От раковины к столу шагнул Всеслав. Он насухо вытирал полотенцем пальцы и смотрел на компанию голышей задумчиво и бесстрастно. Так же задумчиво и бесстрастно он накинул полотенце на плечо и взял — пальцами поперёк живота — стоящую фигурку.
Вадим моргнул, потом даже на секунды две стиснул веки до белых холодных искр в глазах — и снова взглянул: фигурка отчаянно упиралась ручонками-колбасками в палец Всеслава, не то безнадёжно стараясь вырваться из захвата, не то ослабить слишком жёсткие тиски. А Всеслав водил правой ладонью над лежащими голышами, и они шевелились и тоже пытались встать, но встать не получалось. И Вадим изо всех сил сочувствовал им. Так сочувствовал! Когда Всеслав убрал ладонь и положил седьмую фигурку на место, Вадим обнаружил, что собственные кулаки сжаты до боли. Застывшие пальцы пришлось разлеплять.
— Ладно, главное — все живы, — пробормотал Всеслав.
— Слушай, Славка, я понимаю, что я сейчас дурак дураком, но чтоб я не нервничал, объясни хоть что-нибудь! Ну, хотя бы… Ты так легко это сделал! Ты такой сильный колдун? Откуда ты знаешь, что они живы? У тебя ведь нет вещей каждого из семерых пропавших! Я же правильно понял, что это фигурки пропавших?

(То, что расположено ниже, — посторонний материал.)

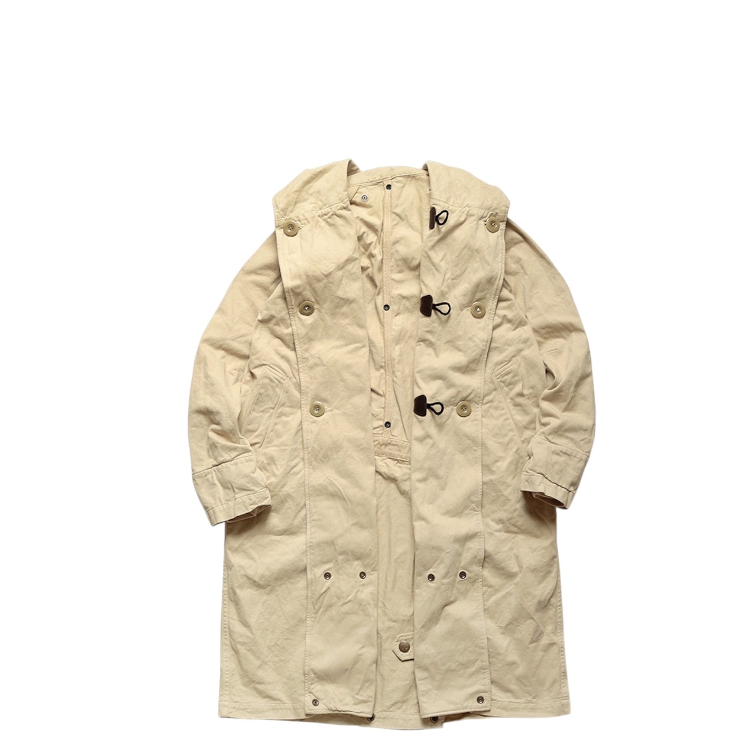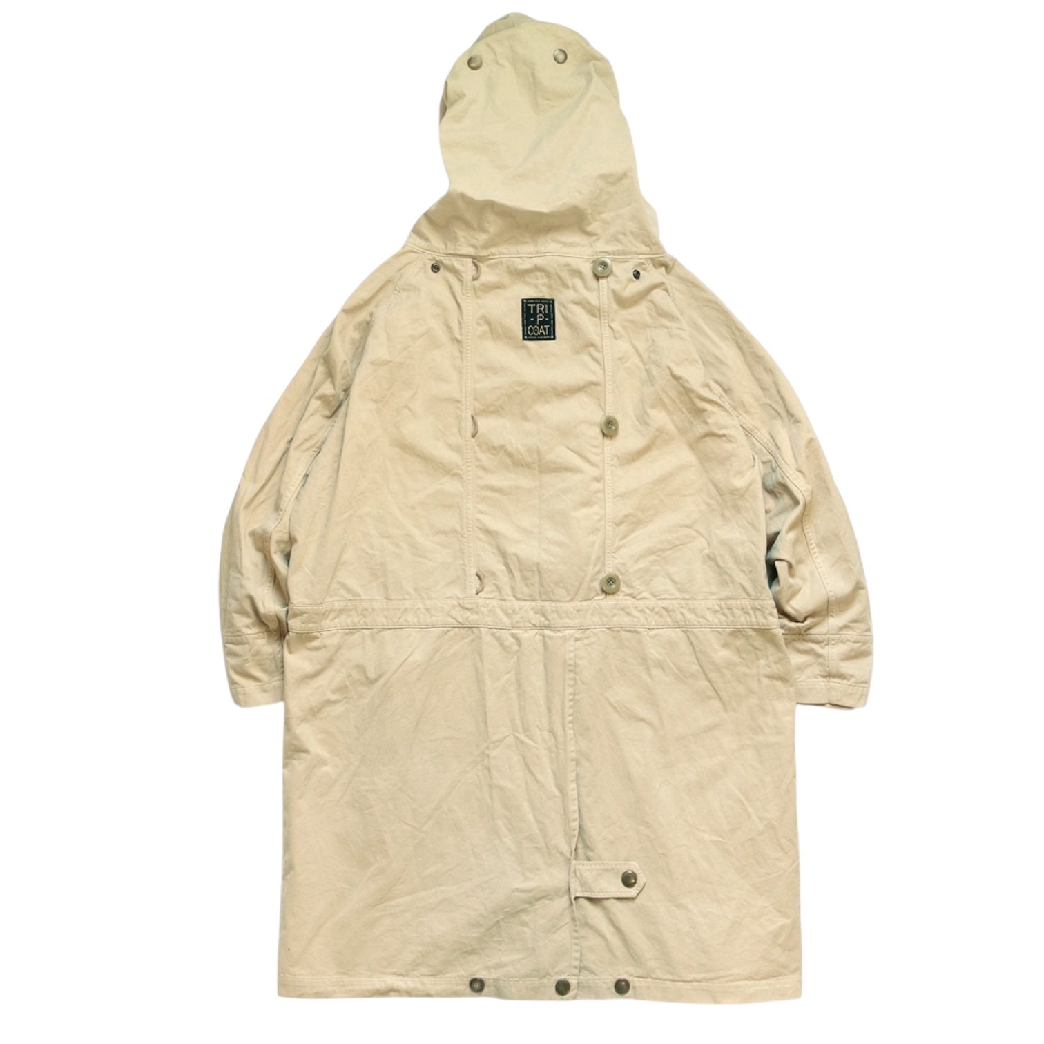 The "TRI-P coat" has a wealth of functionality and ways to enjoy. You can close the front and wear it like a duffle coat, or flip the front and wear it casually. If you fasten the hem with a snap button, it will be bifurcated, making it easier to move and ride a bicycle. When you remove the button on the back. It can also be used as a sleeping bag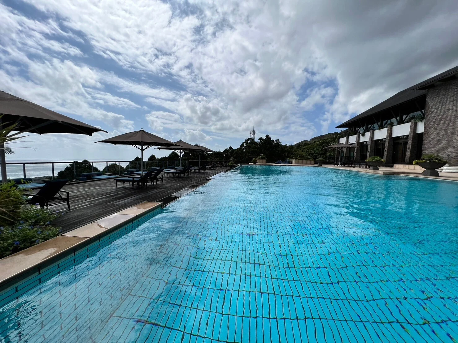 体感18度くらいかな、山の水のプールは水質も水深も、水圧も申し分ない。オーシャンビューのビーチベットで世界遺産の神秘浴。2人も過去1だと喜んでくれた。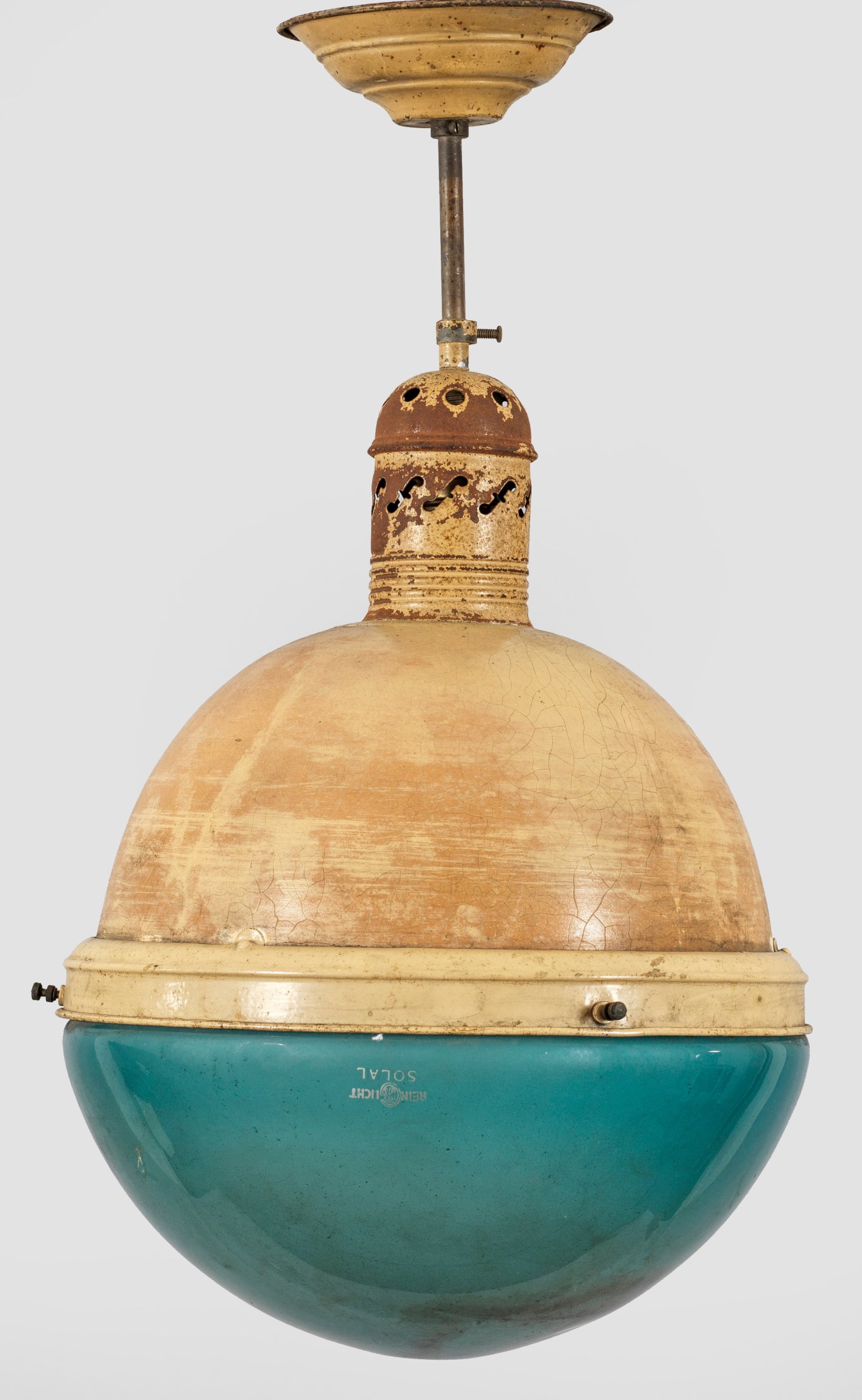 Type E 40. 1-flg.; Metall, cremefarben lackiert sowie blaugrünes Glas. Stark gewölbter Korpus als Träger für flache Kuppel. Durchbrochen gestalteter oberer Abschluss sowie kurzer Schaft als Aufhängung. Spiegelreflektor innen bez. "WISKOTT". Schirm bez. "Rein Licht SOLAL". Neu elektrifiziert. Altersspuren. H. 54 cm.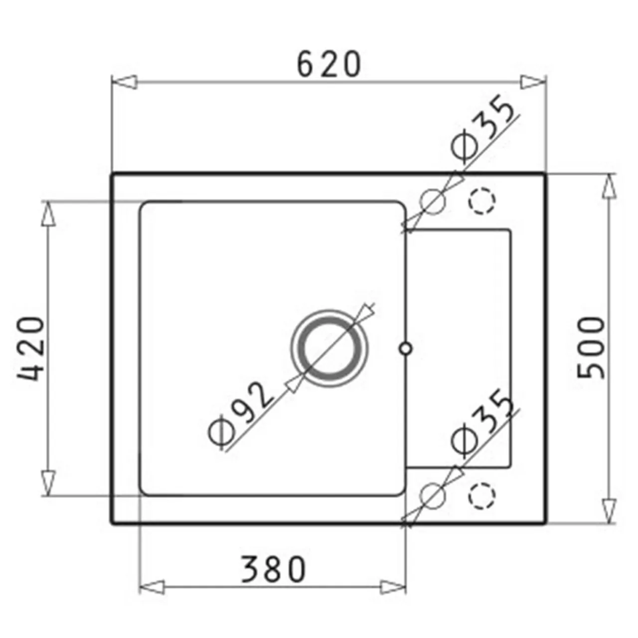 Zlewozmywak ZEFIR z krótkim ociekaczem został stworzony w technologii Pyragranit. Charakteryzuje się wysoką odpornością na uderzenia, zarysowania i oddziaływanie wysokich i niskich temperatur. Wymiary 62×50 cm sprawiają, że można go dopasować do szafki o szerokości 50 cm.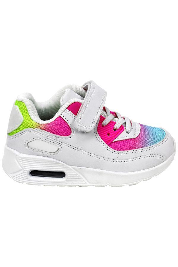 Te gekke witte veter sneakers met rainbow in maat 24 tot en met maat 35! Witte sneakers met felroze bij de veters, geel bij de hak en blauw bij de neuzen. De maten 24-29 hebben elastische veters en klittenband, super handig!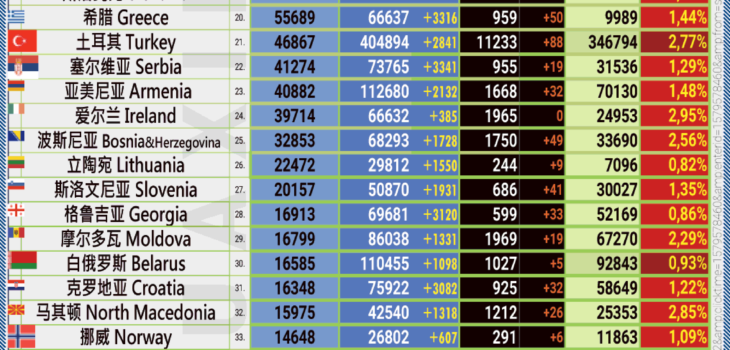 奥地利的新感染人数已达到最高水平。最多的新感染发生在上奥地利州。其次是维也纳州与施蒂里亚州。11月12日,星期四,过去24小时内整个奥地利报告了 9262 例新的新冠感染。 这是自大流行在奥地利爆发以来新感染人数最多的一天。 原因之一可能是在今天的数字里还包括前几天的延迟报告的数据。到目前为止,奥地利共有 181 642 项阳性检测结果与 107 876 人已康复。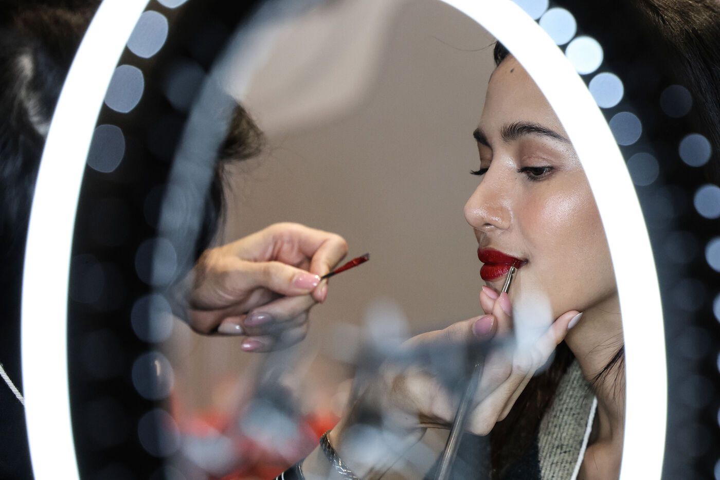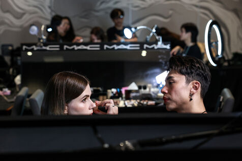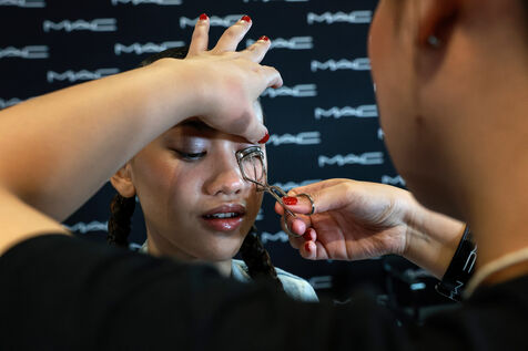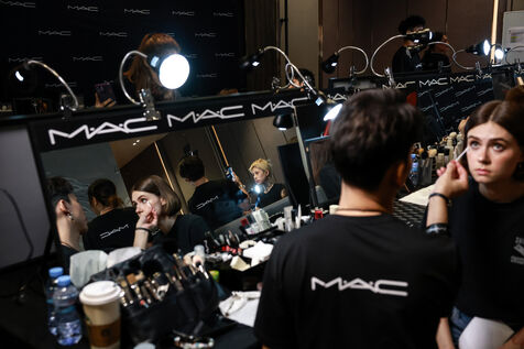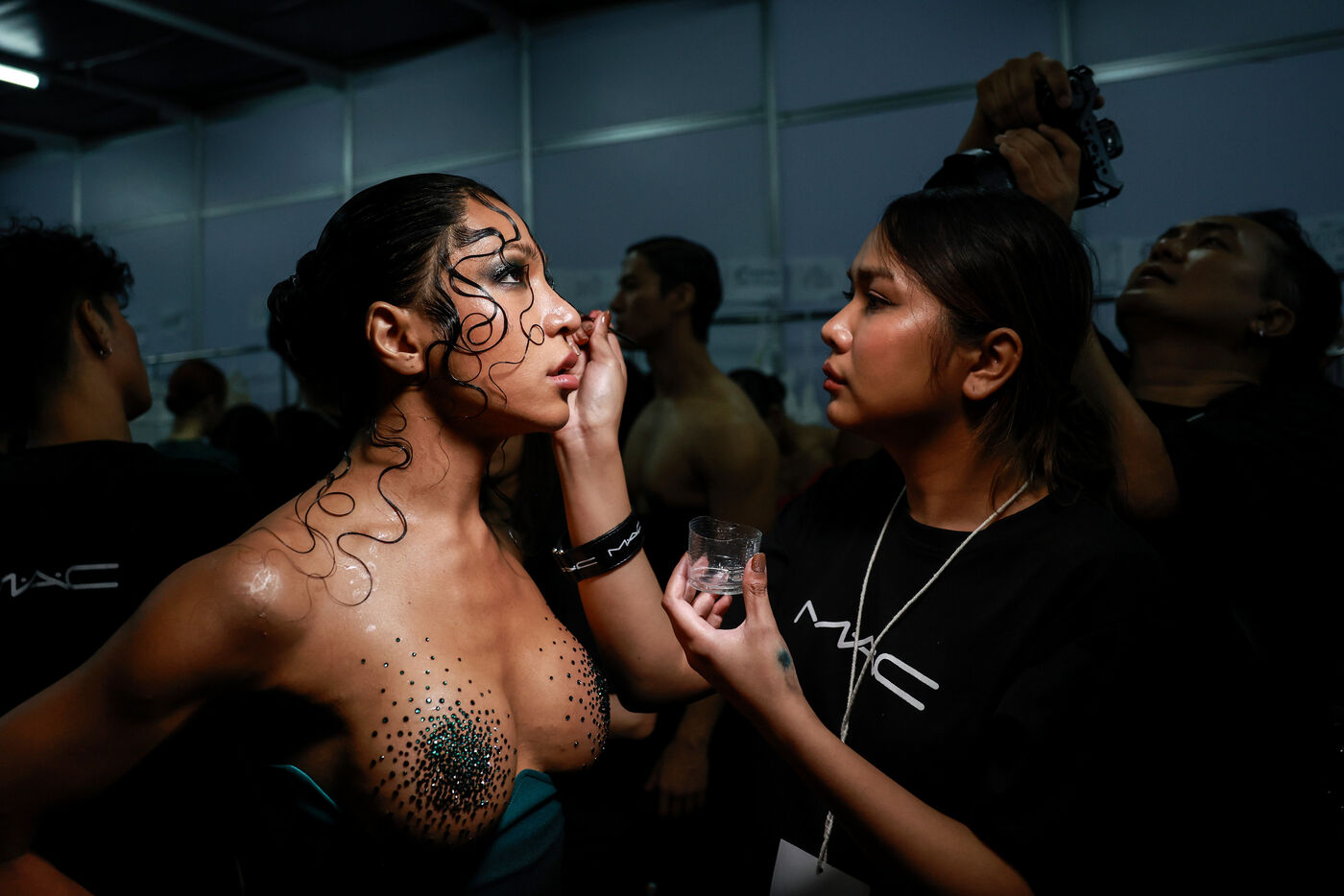 Models prepare backstage before Issue Thailand and Poem shows during the Siam Paragon Bangkok International Fashion Week 2024 at Siam Paragon mall in Bangkok, Thailand on October 4, 2024. Bangkok International Fashion Week 2024 is set under the concept “Envision the Future" and involves a collaboration with 15 prominent Thai fashion brands and leading international designers.

— Правильно. Объяснять причину начну немного издалека. Ты когда-нибудь попадал в ситуации, где воздух буквально насыщен каким-либо чувством? Любовью и нежностью, например, или ненавистью и злостью? Атмосфера тогда становится весьма взрывоопасной. Достаточно одного слова, чтобы случилось событие. Опытный интриган, чувствительный к так называемым эманациям, сразу сообразит, как легко повернуть себе на пользу такую ситуацию… Теперь перенесёмся поближе. Не далее как полчаса назад Чёрный Кир высказал мысль: границы между человеческим миром и миром Шептуна истончаются. Не только твари с той стороны сюда просачиваются. Самый воздух сюда проникает. А теперь представь: воздух целого мира впихивается в границы нашего города, ибо старые заклинания ещё действуют и не пускают его дальше города. Подумай, какой концентрат магии сгустился здесь, хотя атмосфера Деструкторова мира ещё только сквознячком к нам залетает! Любой мало-мальски сведущий колдун может сейчас возомнить себя величайшим магом. Раньше приходилось работать с магией на её отдельных обрывках или, с трудом создавая при помощи ритуалов её подобие. А сейчас — возможности безграничны… Перехожу к твоему вопросу. Отвечаю. Мне в густеющей магической атмосфере не нужны вещи этих семерых. Правда, Кириллу об этом знать необязательно. Был один момент, когда Кирилл здорово психанул из-за Шептуна, введшего в его компанию подмёнышей. Рассказывая, он про себя, в воображении, перебирал лица пропавших ребят. Что такое микрокосм отдельной личности — объяснять не буду. Некогда.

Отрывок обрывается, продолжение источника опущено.